* [WHAT TO DO]: Wherever a picture appears in the listing, leave it out, and copy the rest exactly.
── PROVIDED MATERIAL ──
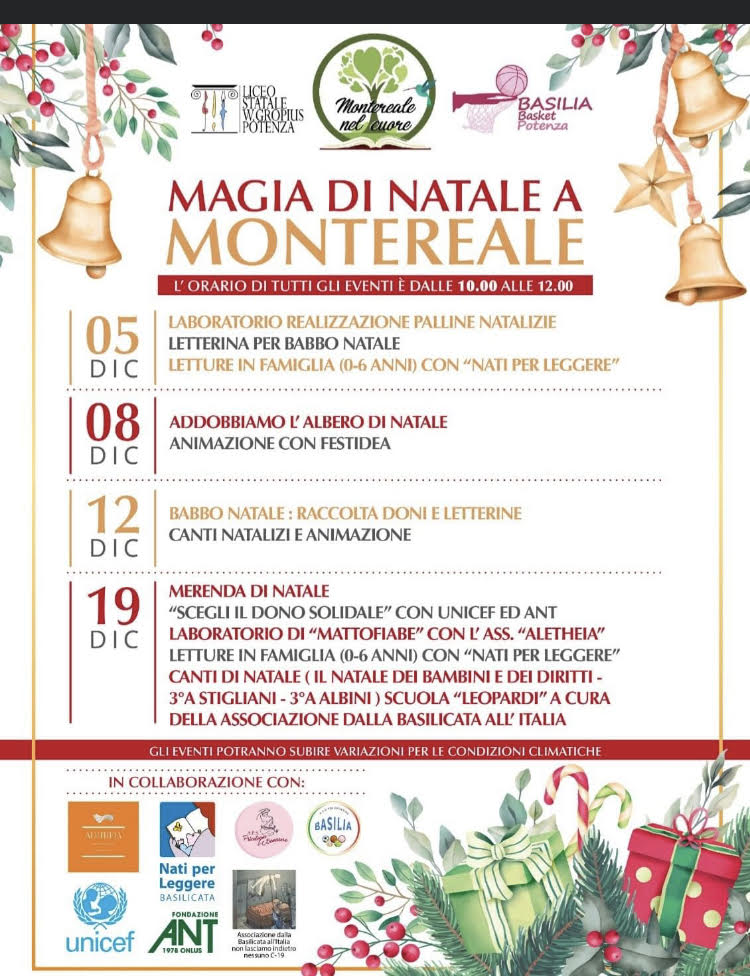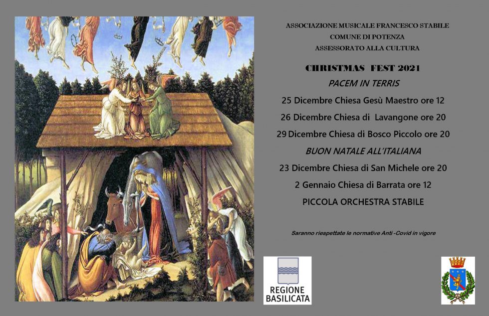 24 Dicembre 2021 La Potenza del Natale Cartellone eventi: mostre, concerti, mercatini e villaggi di Babbo Natale. Calendario degli EventiDownload
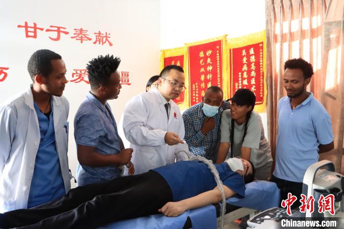 中國(guó)援埃塞俄比亞第23批醫(yī)療隊(duì)麻醉醫(yī)生趙勇輝為當(dāng)?shù)蒯t(yī)務(wù)人員進(jìn)行培訓(xùn)。(資料圖) 河南省衛(wèi)健委供圖
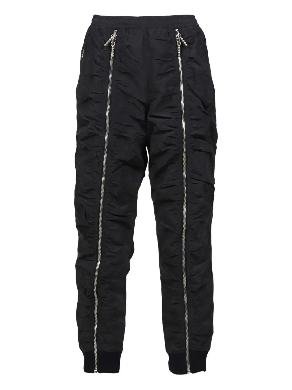 decorative-zip trousers Highlights - Black - Elasticated waistband - Two side slit pockets - Elasticated ankles Imported Composition Outer: Recycled Nylon 100% Lining: Polyester 100%
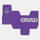 GRAD in bold grey lettering wraps around the front of these purple 2" square graduation party favour boxes with your name and thank you message on the top.
───
* [RESULT OF THIS EXERCISE]:
 24 Dicembre 2021 La Potenza del Natale Cartellone eventi: mostre, concerti, mercatini e villaggi di Babbo Natale. Calendario degli EventiDownload
 中國(guó)援埃塞俄比亞第23批醫(yī)療隊(duì)麻醉醫(yī)生趙勇輝為當(dāng)?shù)蒯t(yī)務(wù)人員進(jìn)行培訓(xùn)。(資料圖) 河南省衛(wèi)健委供圖
 decorative-zip trousers Highlights - Black - Elasticated waistband - Two side slit pockets - Elasticated ankles Imported Composition Outer: Recycled Nylon 100% Lining: Polyester 100%
 GRAD in bold grey lettering wraps around the front of these purple 2" square graduation party favour boxes with your name and thank you message on the top.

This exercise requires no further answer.